§ Your objective: Leave every picture out and give back the lines below from the first through the line that holds "最后用牙签把做好的胡萝卜玫瑰,固定起来就可以了。", exactly as written.
------ Material provided
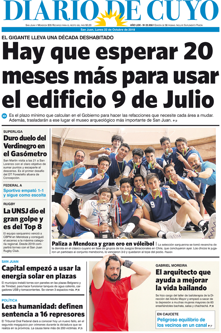 Diario de Cuyo | HOME | Noticias | Tapa Edición Tapa Edición 22 de Octubre de 2018 Por Redacción Diario de Cuyo 22/10/2018 · 0:00 Escuchar la noticia Escuchar la noticia Your browser doesn’t support HTML5 audio Tapa Edición Ver los comentarios ›
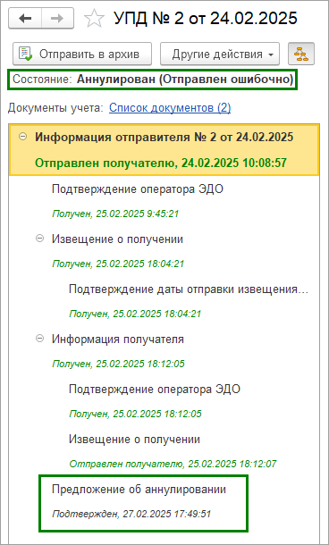 Аннулирован — данное состояние означает, что документооборот аннулирован как со стороны отправителя, так и со стороны получателя электронного документа.
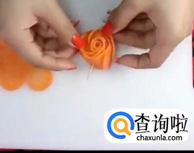 最后用牙签把做好的胡萝卜玫瑰,固定起来就可以了。
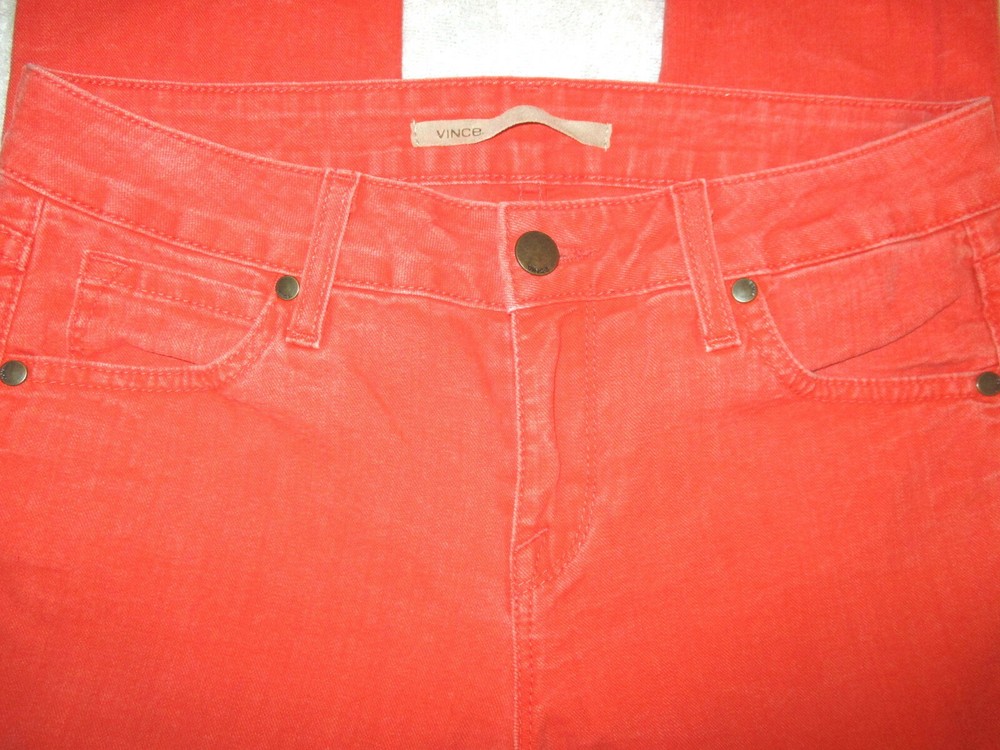 Vince Designer Jeans Crop Skinny Ankle Stretch Womens Red/Orange (Tomato) Jeans Size 27, USA made, retail $89 plus Condition: Very good condition. Nice medium red/orange color wash (Tomato). Awesome designer jeans found at Saks, Nordstrom and more. Size Tag Reads: : 27. Waist : 29” with waist aligned Hips : 34" Rise : 8 " Inseam : 30" Leg opening at bottom : 5 1/4" 98% Cotton % Polyester 2% Spandex Zipper Fly If you have any questions, please ask. Thank You for shopping Doug's Dapper Duds! Happy Bidding. (3.11) Helpful Hint: When buying online it is strongly recommended that you measure your favorite 1-3 pair of jeans and compare them to the measurements provided to insure a good fit. Shipping: Item is shipped within 24 hours after payment is received unless specified differently under handling time. International Orders: Combined shipping discounts are not available. Buyers are responsible for all import duties, taxes, or customs fees. In most cases packages arrive within 2-4 weeks of shipment. However, due to slow customs processing deliveries can take several weeks longer. Online tracking numbers are not available. Customs documentation will not be altered. Customer Service: We answer questions Monday thru Friday (except holidays) during normal business hours (PST). Please be sure to include the item number when asking questions.
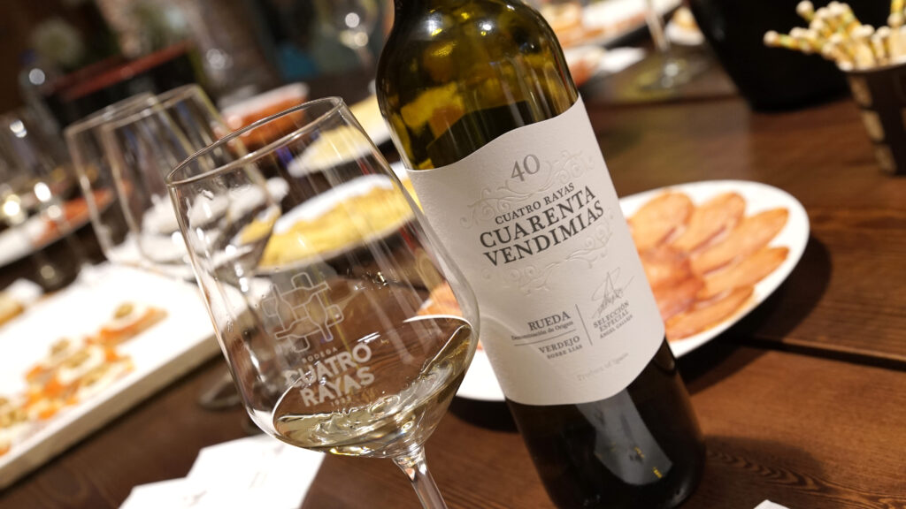 En la primera parada de este viaje enológico se cata un Cuatro Rayas Vendimias Verdejo. Un vino armónico y de aroma intenso, fiel recuerdo de los Verdejos tradicionales, que pone al alcance de los visitantes catadores el espíritu genuino de la Denominación de Origen Rueda. En la siguiente parada se cata un Cuatro Rayas Cuarenta Vendimias Ribera del Duero. Un vino elaborado a partir de una selección de uvas Tempranillo procedentes de viñas de, al menos, cuarenta años edad, y con diez meses de paso por barrica. Un vino que recoge la esencia de los tintos de Ribera para acompañar la potencia de la tradicional sopa castellana, aderezada con ajo, pimentón y aceite. Para cerrar la experiencia el vino escogido es un Cuatro Rayas Cuarenta Vendimias Sauvignon. Un vino con notas balsámicas y aromas frutales y florales que marida con el postre artesanal por excelencia de la Semana Santa castellanoleonesa; las torrijas con miel.
------------
§ Solution to the exercise:
 Diario de Cuyo | HOME | Noticias | Tapa Edición Tapa Edición 22 de Octubre de 2018 Por Redacción Diario de Cuyo 22/10/2018 · 0:00 Escuchar la noticia Escuchar la noticia Your browser doesn’t support HTML5 audio Tapa Edición Ver los comentarios ›
 Аннулирован — данное состояние означает, что документооборот аннулирован как со стороны отправителя, так и со стороны получателя электронного документа.
 最后用牙签把做好的胡萝卜玫瑰,固定起来就可以了。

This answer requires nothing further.